Recorded data
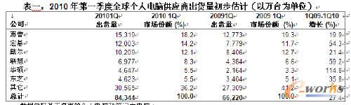 联想在2010年第一季度出货量增长了59.2%。尽管联想高度依赖中国市场的情况依然未变,但其拓展消费品市场的承诺已显成效。华硕在第一季度的出货量增长了114.8%,首次加入世界排名前五的行列。该公司于2008年通过发布迷你笔记本电脑而迅速扩大市场份额,但该公司也成功地拓展了其在传统的笔记本电脑市场的份额。
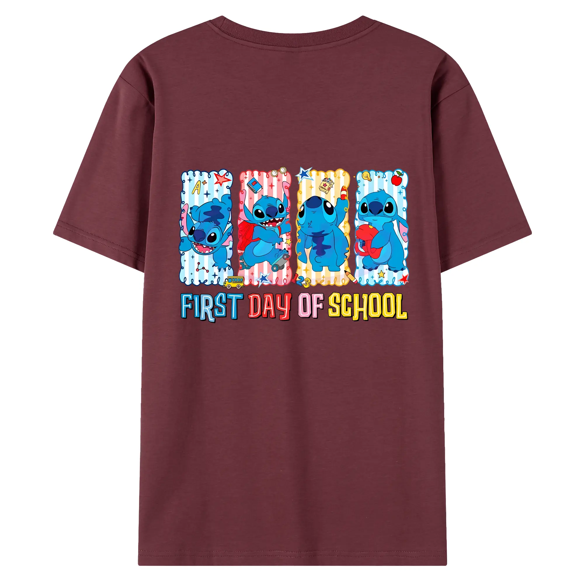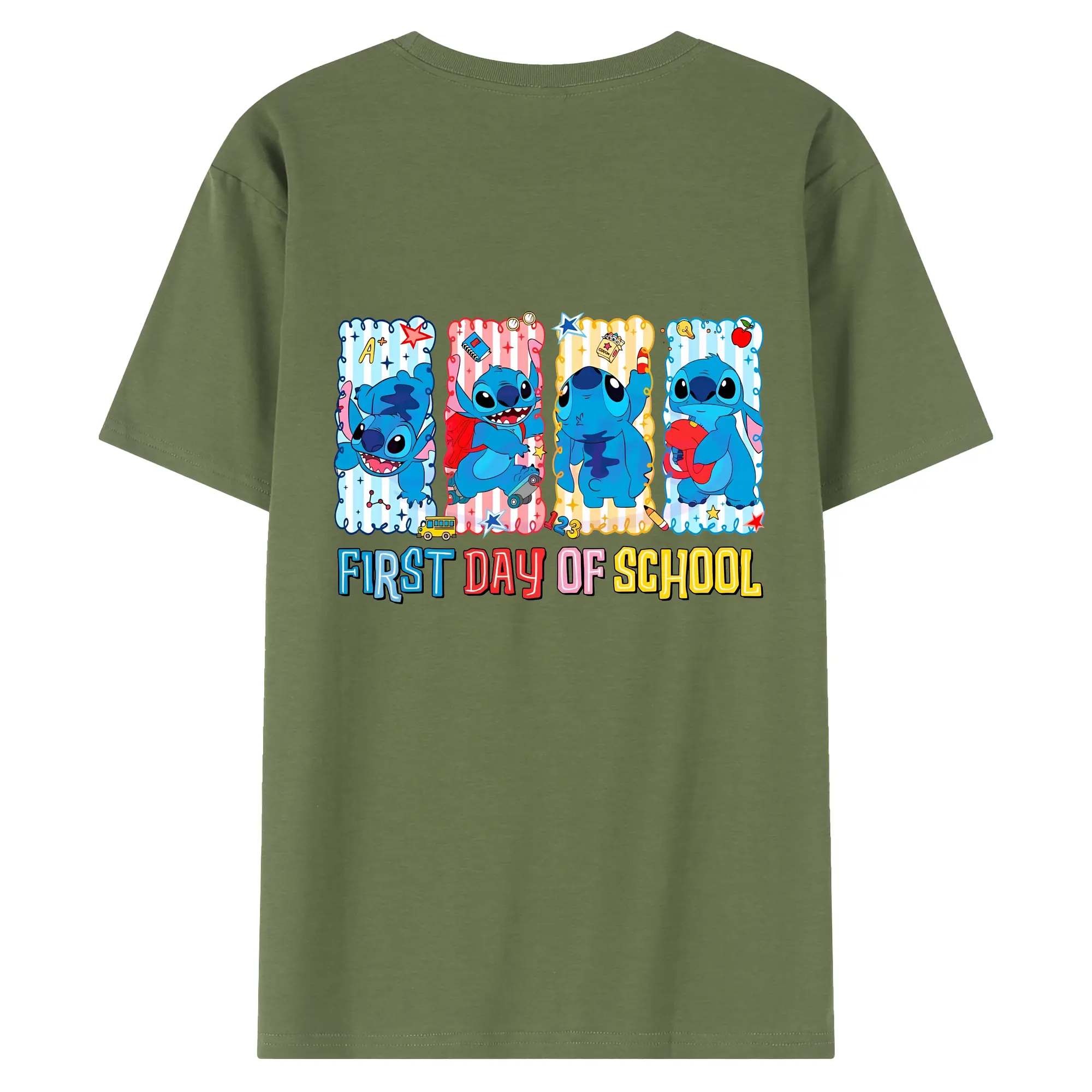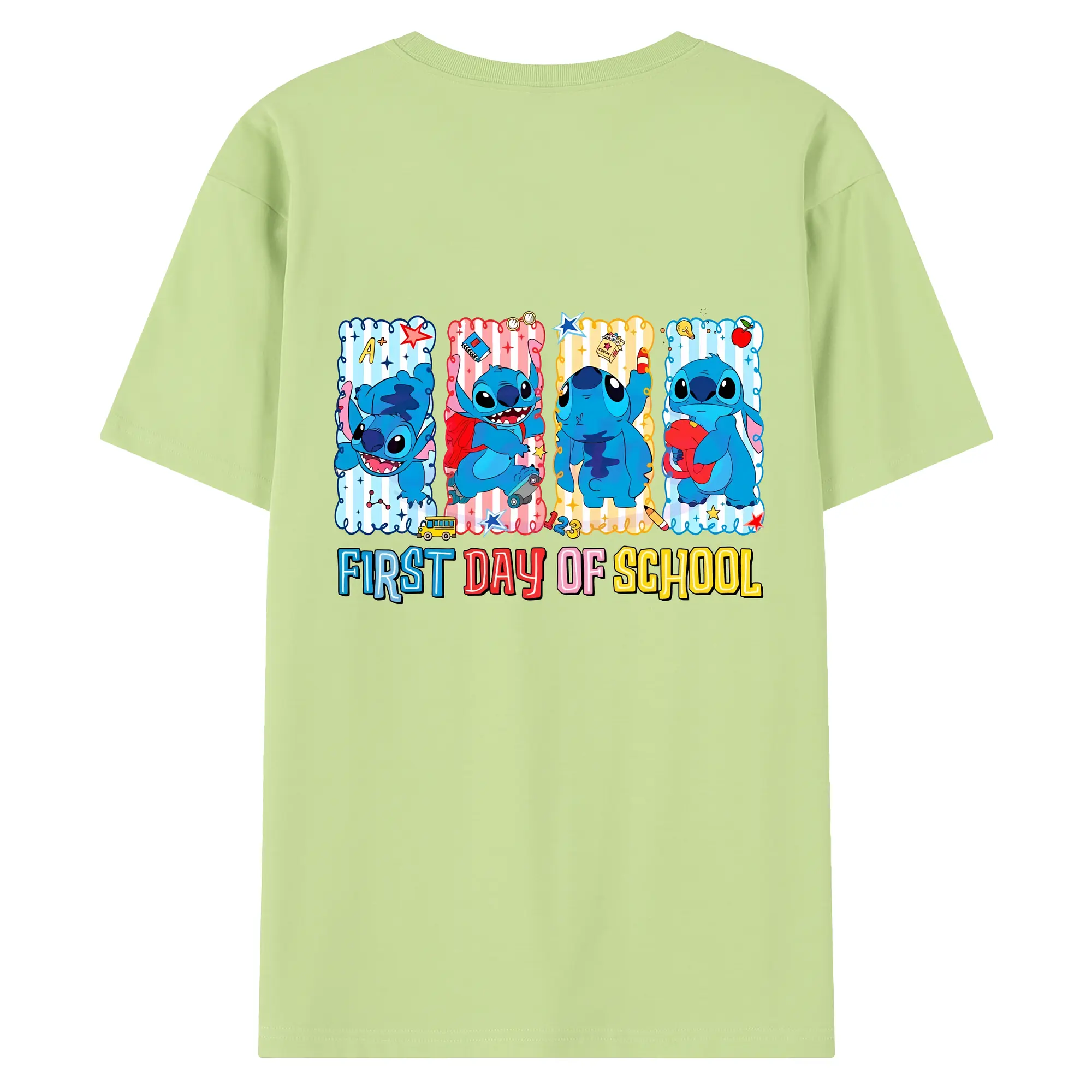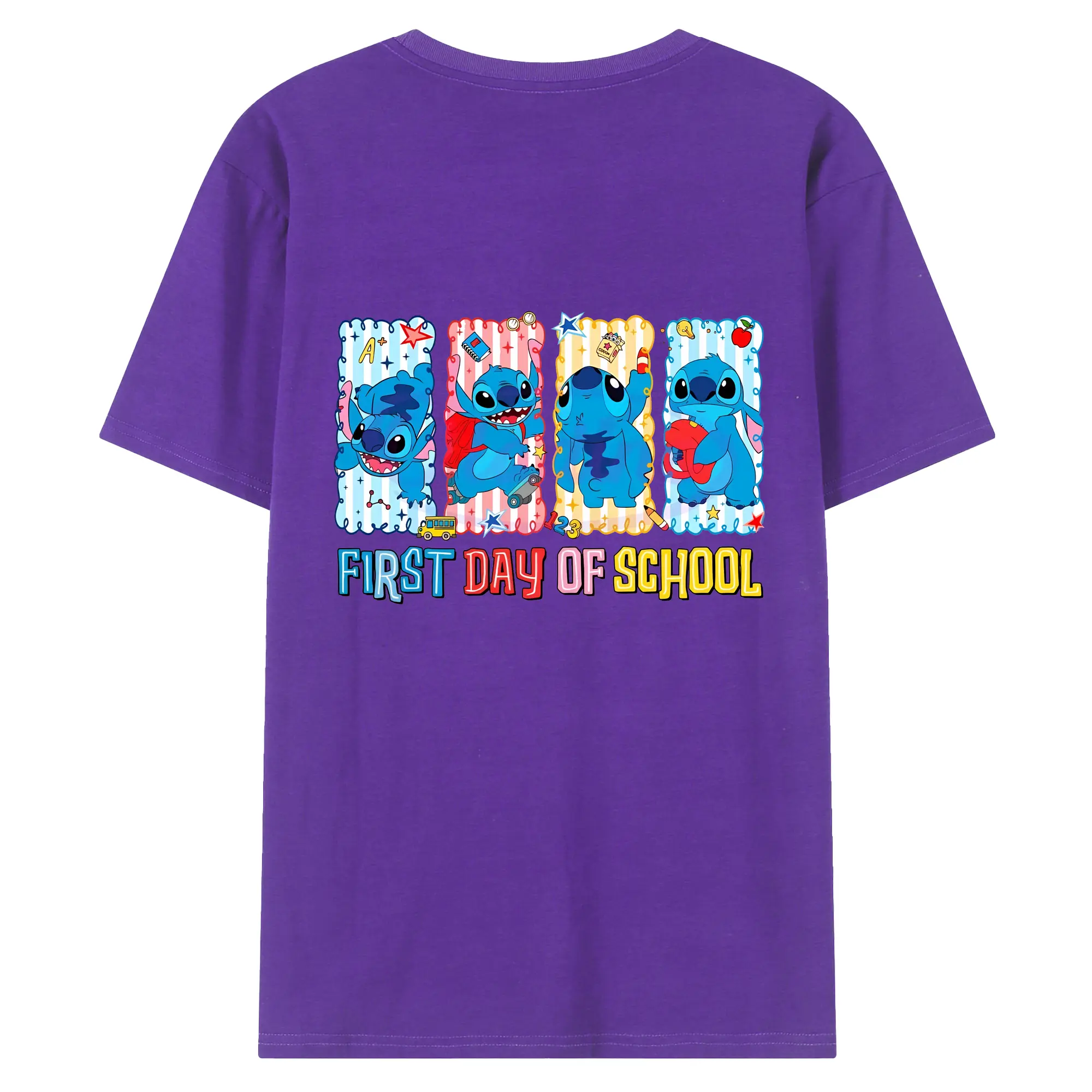 リロ&スティッチ グッズ スティッチ - 綿100% 半袖Tシャツ ・ フロントプリント ・ 快適 通気性 ・ 日常使い 散歩 スポーツ用
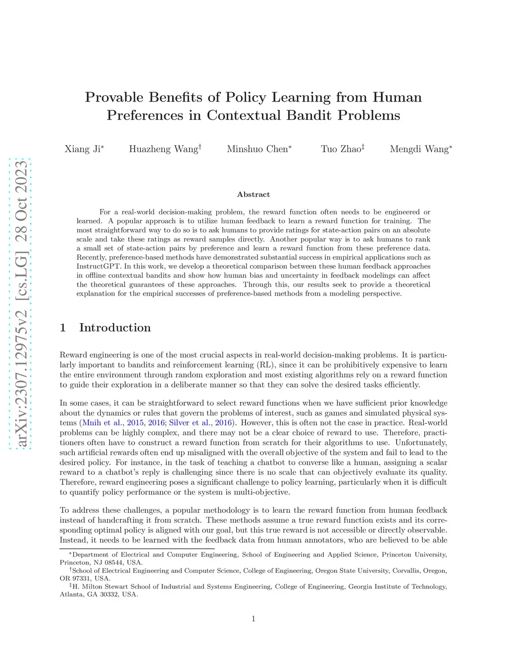 For a real-world decision-making problem, the reward function often needs to be engineered or learned. A popular approach is to utilize human feedback to learn a reward function for training. The most straightforward way to do so is to ask humans to provide ratings for state-action pairs on an absolute scale and take these ratings as reward samples directly. Another popular way is to ask humans to rank a small set of state-action pairs by preference and learn a reward function from these preference data. Recently, preference-based methods have demonstrated substantial success in empirical applications such as InstructGPT. In this work, we develop a theoretical comparison between these human feedback approaches in offline contextual bandits and show how human bias and uncertainty in feedback modelings can affect the theoretical guarantees of these approaches. Through this, our results seek to provide a theoretical explanation for the empirical successes of preference-based methods from a modeling perspective.

What the exercise asks
Copy the data word for word. Pictures do not go in the copy.

Response area
 联想在2010年第一季度出货量增长了59.2%。尽管联想高度依赖中国市场的情况依然未变,但其拓展消费品市场的承诺已显成效。华硕在第一季度的出货量增长了114.8%,首次加入世界排名前五的行列。该公司于2008年通过发布迷你笔记本电脑而迅速扩大市场份额,但该公司也成功地拓展了其在传统的笔记本电脑市场的份额。
 リロ&スティッチ グッズ スティッチ - 綿100% 半袖Tシャツ ・ フロントプリント ・ 快適 通気性 ・ 日常使い 散歩 スポーツ用
 For a real-world decision-making problem, the reward function often needs to be engineered or learned. A popular approach is to utilize human feedback to learn a reward function for training. The most straightforward way to do so is to ask humans to provide ratings for state-action pairs on an absolute scale and take these ratings as reward samples directly. Another popular way is to ask humans to rank a small set of state-action pairs by preference and learn a reward function from these preference data. Recently, preference-based methods have demonstrated substantial success in empirical applications such as InstructGPT. In this work, we develop a theoretical comparison between these human feedback approaches in offline contextual bandits and show how human bias and uncertainty in feedback modelings can affect the theoretical guarantees of these approaches. Through this, our results seek to provide a theoretical explanation for the empirical successes of preference-based methods from a modeling perspective.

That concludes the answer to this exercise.